Problem description ::
Beginning at the line containing "Fallecido en Spa (4900, Bélgica)", repeat each line below exactly up to and including the line containing "ジャンボエンチョー静岡店の裏". Do not repeat the pictures.

---------- Available data

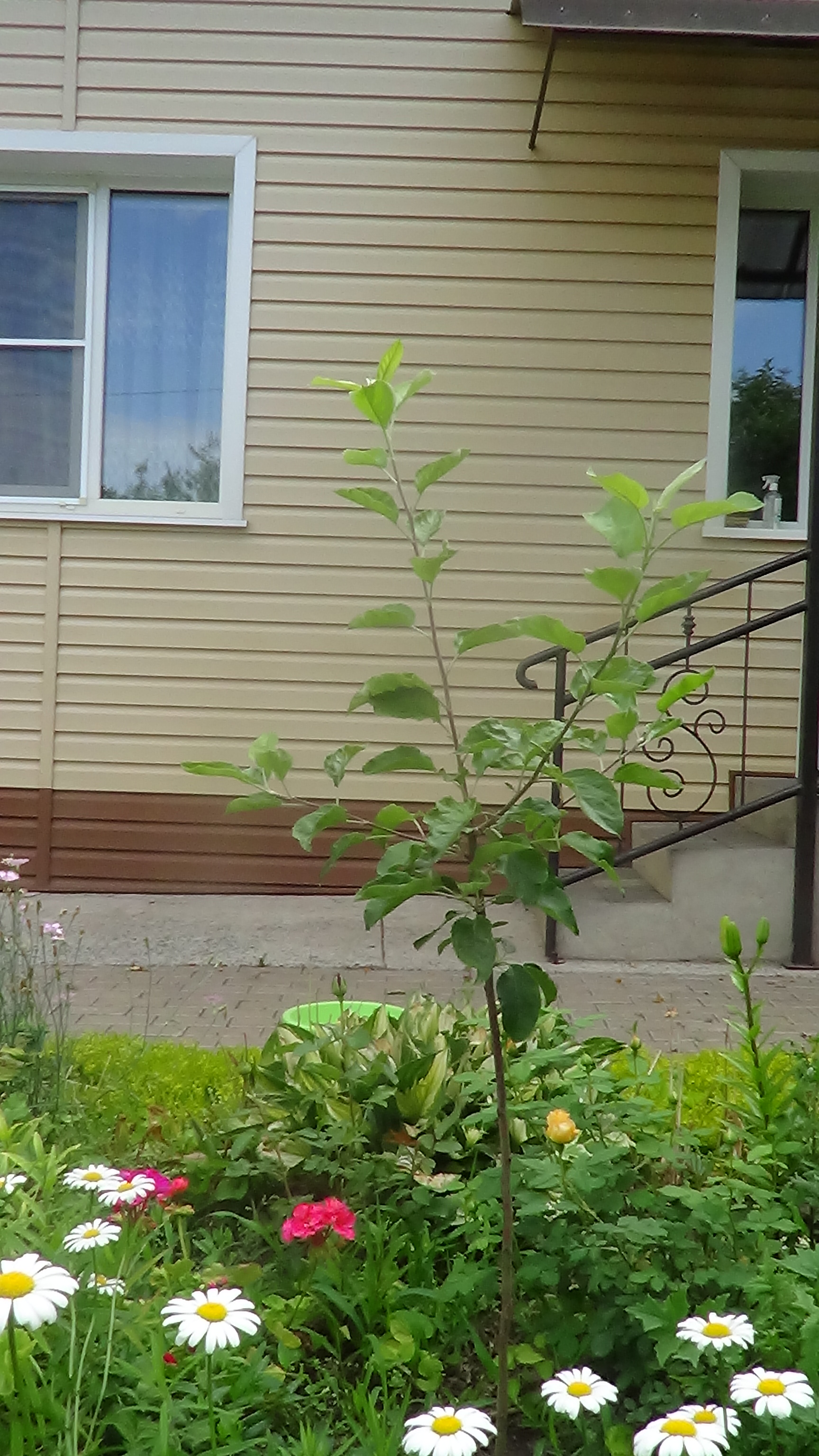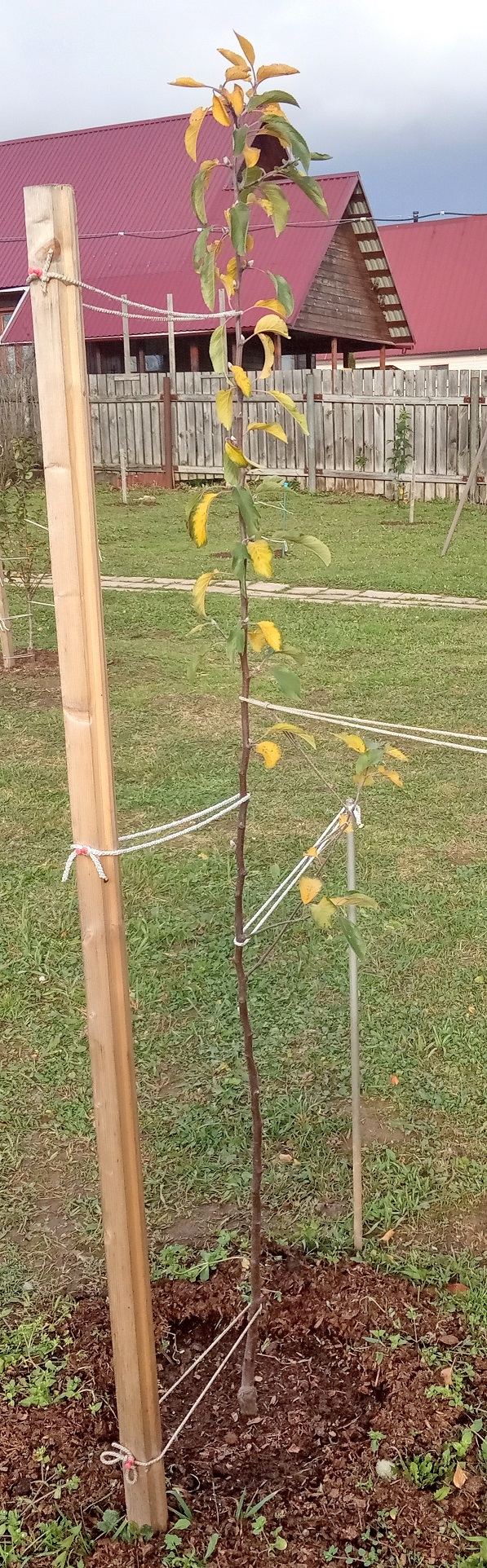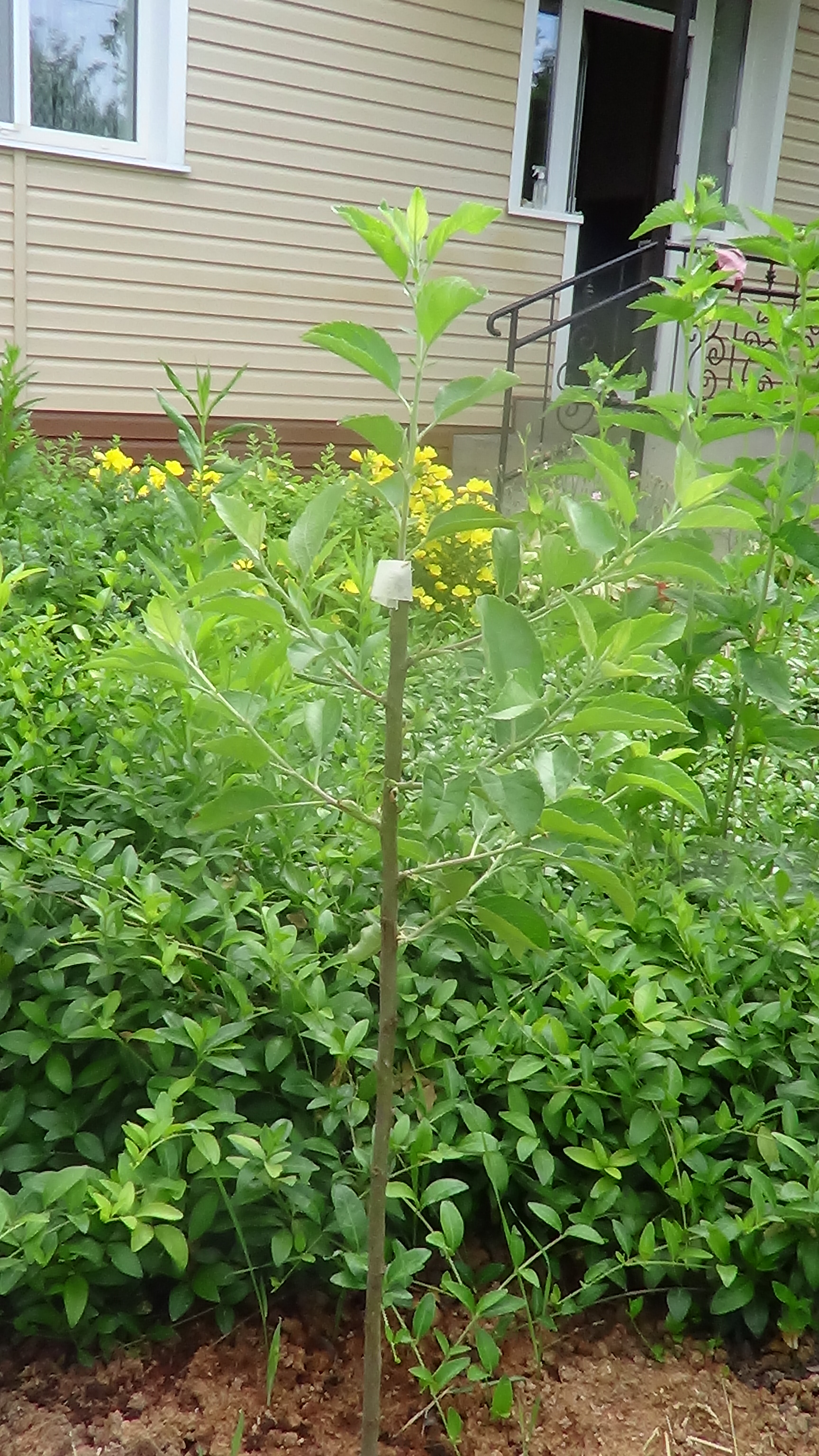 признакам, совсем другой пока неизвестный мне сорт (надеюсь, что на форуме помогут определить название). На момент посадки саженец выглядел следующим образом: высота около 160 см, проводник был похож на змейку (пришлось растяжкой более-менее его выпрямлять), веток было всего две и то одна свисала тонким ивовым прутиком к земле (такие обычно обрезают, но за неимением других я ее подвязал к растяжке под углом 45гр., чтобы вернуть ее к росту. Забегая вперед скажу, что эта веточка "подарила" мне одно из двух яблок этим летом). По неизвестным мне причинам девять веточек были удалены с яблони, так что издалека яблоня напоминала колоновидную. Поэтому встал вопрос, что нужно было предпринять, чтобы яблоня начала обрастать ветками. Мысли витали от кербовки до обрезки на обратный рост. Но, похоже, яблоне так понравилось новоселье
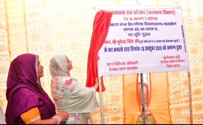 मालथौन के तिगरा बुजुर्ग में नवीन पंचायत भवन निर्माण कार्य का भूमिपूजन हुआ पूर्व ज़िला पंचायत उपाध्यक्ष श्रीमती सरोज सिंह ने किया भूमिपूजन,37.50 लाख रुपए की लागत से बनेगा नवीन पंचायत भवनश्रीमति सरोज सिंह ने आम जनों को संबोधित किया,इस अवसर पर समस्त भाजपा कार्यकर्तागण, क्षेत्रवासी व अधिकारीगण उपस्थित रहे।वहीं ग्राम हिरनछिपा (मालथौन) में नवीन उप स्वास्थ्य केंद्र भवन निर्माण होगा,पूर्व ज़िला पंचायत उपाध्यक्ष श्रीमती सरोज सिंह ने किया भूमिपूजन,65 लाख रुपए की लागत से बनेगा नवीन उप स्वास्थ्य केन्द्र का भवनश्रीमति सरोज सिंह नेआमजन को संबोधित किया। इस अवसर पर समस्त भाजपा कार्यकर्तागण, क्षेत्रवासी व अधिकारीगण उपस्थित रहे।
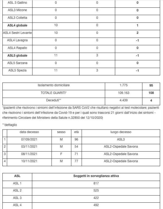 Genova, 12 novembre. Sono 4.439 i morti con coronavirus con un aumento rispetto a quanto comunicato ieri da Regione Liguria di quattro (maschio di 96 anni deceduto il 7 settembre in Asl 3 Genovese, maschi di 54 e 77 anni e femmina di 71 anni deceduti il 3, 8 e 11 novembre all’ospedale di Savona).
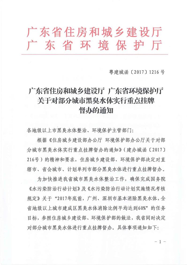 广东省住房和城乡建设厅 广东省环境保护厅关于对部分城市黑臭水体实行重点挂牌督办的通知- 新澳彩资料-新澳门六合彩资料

--------------------
---------- Available data

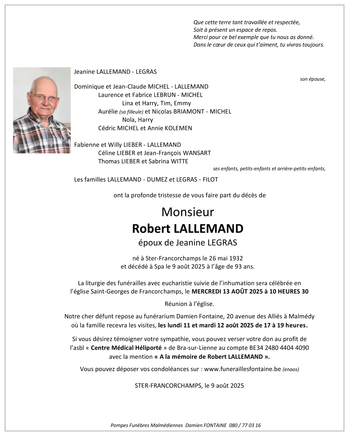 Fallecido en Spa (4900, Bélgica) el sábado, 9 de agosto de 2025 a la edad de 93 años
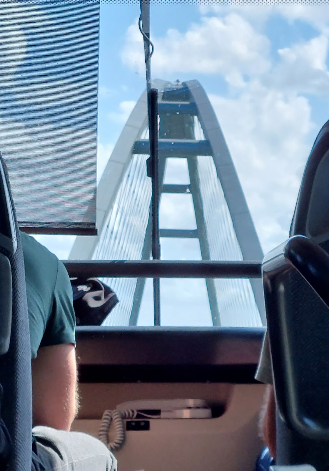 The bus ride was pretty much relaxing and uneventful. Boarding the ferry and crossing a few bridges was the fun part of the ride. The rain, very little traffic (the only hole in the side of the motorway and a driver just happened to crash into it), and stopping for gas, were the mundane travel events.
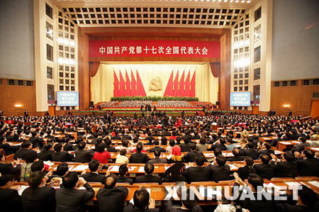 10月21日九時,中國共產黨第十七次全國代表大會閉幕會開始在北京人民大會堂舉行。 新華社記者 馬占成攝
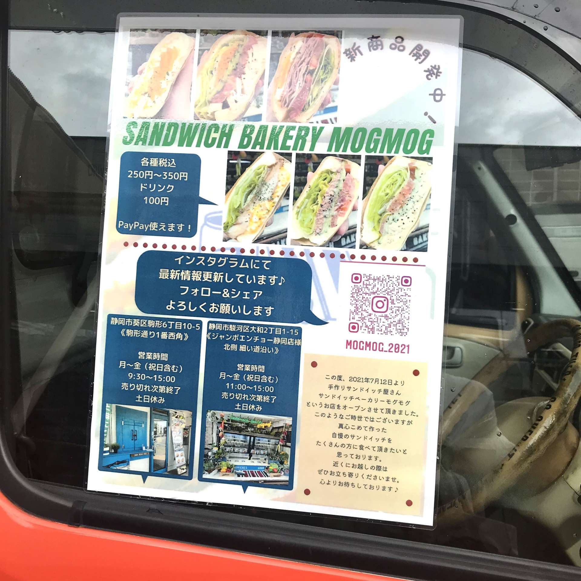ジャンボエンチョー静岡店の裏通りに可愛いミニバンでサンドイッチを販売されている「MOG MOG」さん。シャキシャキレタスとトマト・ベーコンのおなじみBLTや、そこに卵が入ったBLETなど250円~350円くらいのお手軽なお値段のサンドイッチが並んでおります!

--------------------

Written solution ::
 Fallecido en Spa (4900, Bélgica) el sábado, 9 de agosto de 2025 a la edad de 93 años
 The bus ride was pretty much relaxing and uneventful. Boarding the ferry and crossing a few bridges was the fun part of the ride. The rain, very little traffic (the only hole in the side of the motorway and a driver just happened to crash into it), and stopping for gas, were the mundane travel events.
 10月21日九時,中國共產黨第十七次全國代表大會閉幕會開始在北京人民大會堂舉行。 新華社記者 馬占成攝
ジャンボエンチョー静岡店の裏通りに可愛いミニバンでサンドイッチを販売されている「MOG MOG」さん。シャキシャキレタスとトマト・ベーコンのおなじみBLTや、そこに卵が入ったBLETなど250円~350円くらいのお手軽なお値段のサンドイッチが並んでおります!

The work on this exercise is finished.